Paying them, for me, is never an option. They, after all, do get room, board and an education, if they wish to attain it. They are also "seen" as special on campus. However, a fund needs to be set aside for these young men and women, so they can buy the necessities of life such as toothpaste and non-necessities such as corsages for the prom and yes, an occasional KFC "Double Down". I actually think a different league should be set aside called a College Semi-Pro league as well but that is another blog.

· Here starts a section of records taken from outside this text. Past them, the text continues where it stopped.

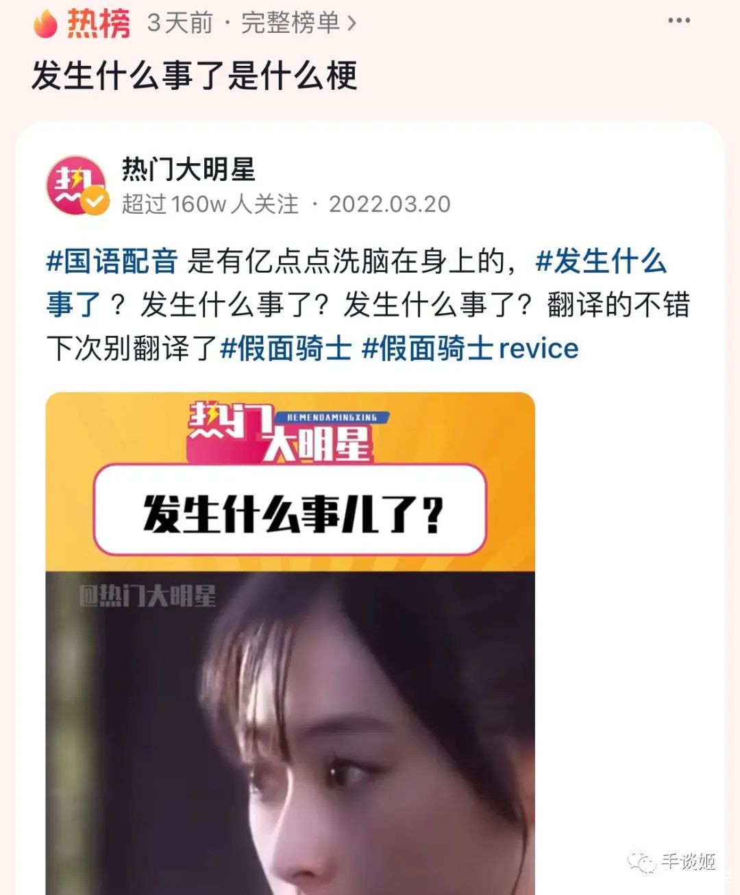 最近,有關《假面騎士》的一個梗破了圈,其名為“發生什麼事了?”。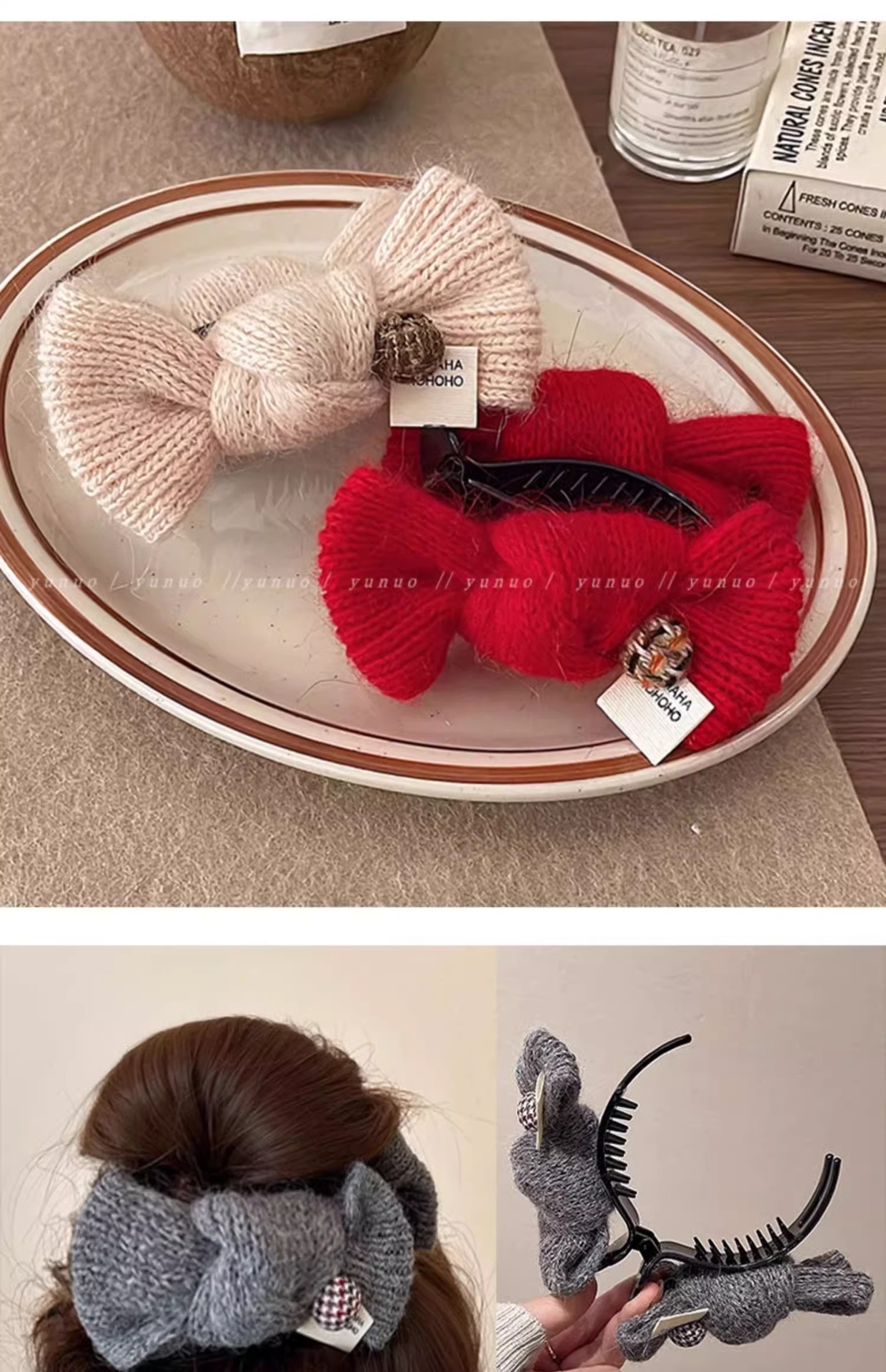 가을과 겨울 양모 활 볼 헤드 그랩 클립 여성의 2024 새로운 하이 엔드 센스 대형 헤어 클립 헤드웨어 백스토어 가기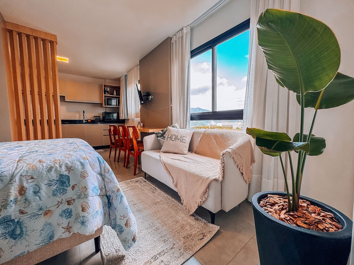 Lounge Apartment, located in Brava Beach and 10 minutes from Balneário Camboriú. The location is perfect. Only 5 blocks from Beach. Close all parties and restaurants. Condo with complete infra, Pool, Gym, Steam and 4 Barbecues. The apartment has Mountain-facing Jacuzzi with hydro and chromotherapy. Ideal for relaxing or take a romantic time. It has 58 'smart TV in the living room and 40' in the bedroom. Full kitchen. Machine washes and dries. You will love this place.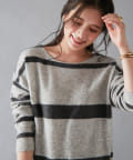 ラクーン混のストレッチ糸を使用したボーダーのルーズニット。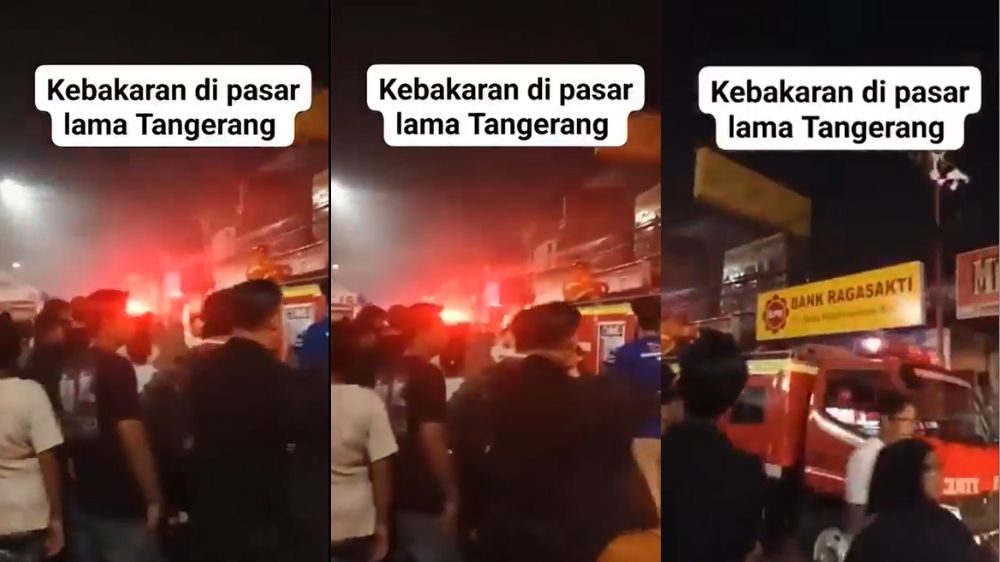 Kebakaran rumah makan Ayam Taliwang di Pasar Lama Tangerang melukai 3 orang/Kolase Bacakoran.co--X @bacottetanggaid

So the NCAA, which punishes schools when bolsters or coaches or friends give cars, or tickets, or money or dinner or "place your benefit" in this spot, is an 800 pound gorilla, which acts, when individuals perform in natural ways.I don't dismiss the fact, that, if a "scholar-athlete" goes to a school because of a special gift then yes punish the school. Once the "scholar-athlete" is at the school, however, set the limit on a "stipend" with a voucher check geared, if deemed prudent, to a specific store. Specifically if there is food that is needed, the weekly stipend is given, with perhaps, as mentioned, the store stamped on the check. There should be a clothes stipend and yes a special activity stipend. In short, I say continue to ensure that special gifts, such as cars or apartments, are not part of the circumstances but allow the normal practices of life to be met.

Follow me if you would? Each scholar-athlete has a specific stipend amount per year for food, clothes and special activities. It is portioned out for the year in a set amount, and that amount or frequency cannot be changed. The only exception is the special activities portion of the stipend. "You" can request some or all of this "special" stipend and when it's gone, it's gone. This stipend will be considered part of the scholarship and the same  maximum and minimum amounts will be set for all schools.

Of course some other group or institution other than the NCAA needs to set these amounts. It seems it, has a "have" and "have not" issue.

NOTE: Division II and III are different issues. If a sport does not provide scholarships but grants other means must be provided to meet these special circumstances.

NOTE: scholar-athlete (student-athlete as it is more commonly known) is in quotes because it is an oxymoron in many cases.

NOTE: Special gift is an obvious circumvention of accepted rules of parity and farness such as an apartment, a house, monies that are far and above a normal rate of pay as well as a no show job etc.